Yale’s sweep at the Ps this weekend dropped the Bulldogs to 0-3 on the season in Ivy road games. As we mentioned in Inside the Ivy, Yale is now 24-7 in Ivy homes games the past five seasons, and 12-19 away from home in that same. Is James Jones using a special traveling squad of JV players? Does the crowd at The Church give the Bulldogs special powers?
Dominant at home
A couple of weeks back we mentioned how Yale had the second-best home record in Ivy play since 2001-02. Only three league opponents have won at Lee Amphitheater in the last five seasons: Brown, Penn, and Princeton. Brown is 4-1 in New Haven, while Penn and Princeton are a combined 3-5 in their last eight visits. The rest of the league is 0-18, and the games for the most part haven’t even been close. Harvard’s 54-53 loss there last season is the only time since 2001-02 that one of the other teams has come any closer than four points of the Bulldogs.
Dominated on the road
The 12-game difference between Yale’s home and away records since 2001-02 is by far the biggest variance in the league — no one else has a road mark any more than five full games worse than its home mark in that period. And the trend is only getting worse. Yale went 5-2 on the road in the league in 2001-02. That was followed by a 4-3 road mark in 2002-03, and by a 2-5 record in 2003-04. Last season Yale went just 1-6 in Ivy road games, and as stated earlier, the Bulldogs are 0-3 already his year.

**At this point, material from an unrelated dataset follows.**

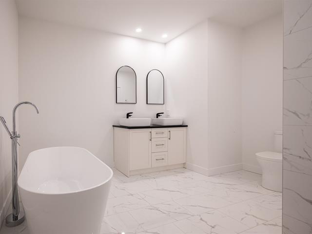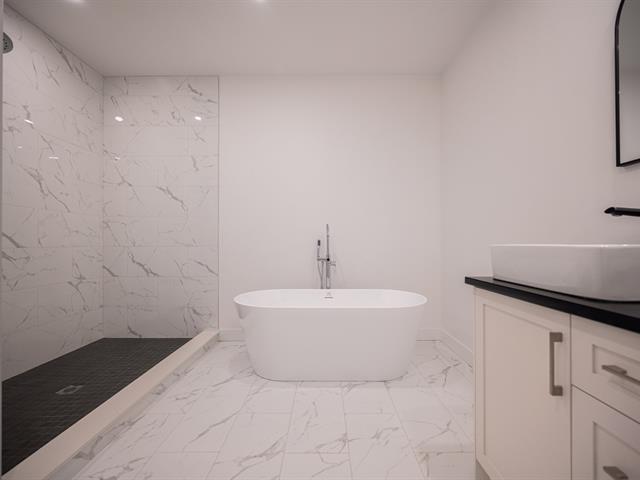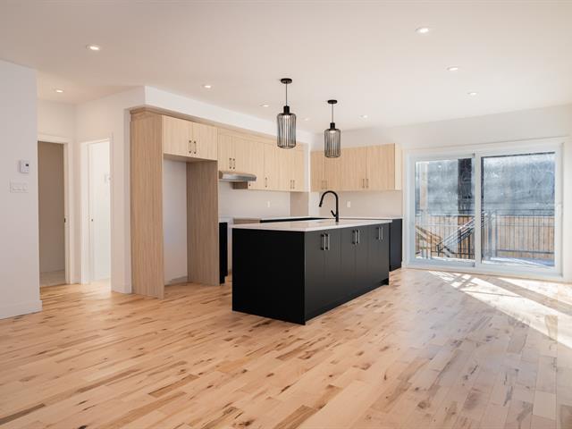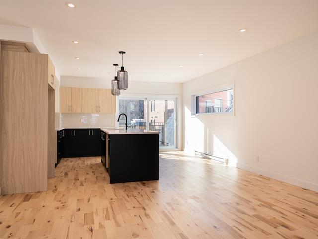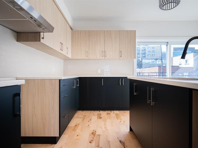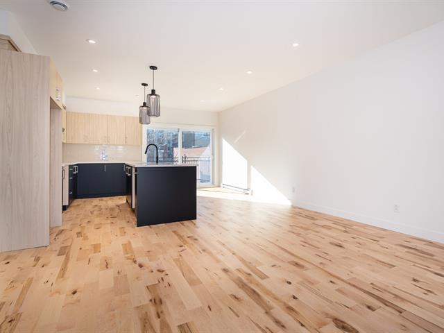 Construction neuve au 2e étage. Superbe unité 2 chambres + espace bureau offrant une aire de vie ouverte baignée de lumière. Cuisine moderne avec immense îlot en quartz, armoires deux tons et finitions haut de gamme. Planchers de bois, fenestration abondante et terrasse privée d'environ 9' x 6'. Salle de bains avec bain autoportant, douche vitrée et vanité double. Emplacement stratégique à proximité du métro, des parcs et des commerces. TPS/TVQ doivent être ajoutées au prix demandé (40479450)
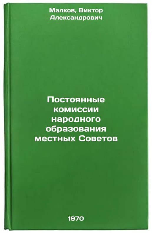 In Russian. Malkov, Viktor Alexandrovich. Permanent Commissions of People's Education of Local Councils. Moscow: Legal Litas, 1970. Postoyannye komissii narodnogo obrazovaniya mestnykh Sovetov. In Russian /Local Council Standing Committees for Popular Education . All images are for identification of editions only. Several books of the same edition may be available. Please feel free to request photos of available books. SKU7351672

Wild season series turnarounds
Last month Yale pounded Brown 75-61 at home, then lost 67-62 in Providence one week later. And neither game was as close as the final margins suggest. Last year the Bulldogs were embarrassed by 24 points at Penn in their Ivy opener, then dismantled the Quakers by 18 in the home game. Yale has split a season series with an Ivy opponent by winning at home and losing on the road 11 times since 2001-02, with eight of those splits happening the last two-plus seasons.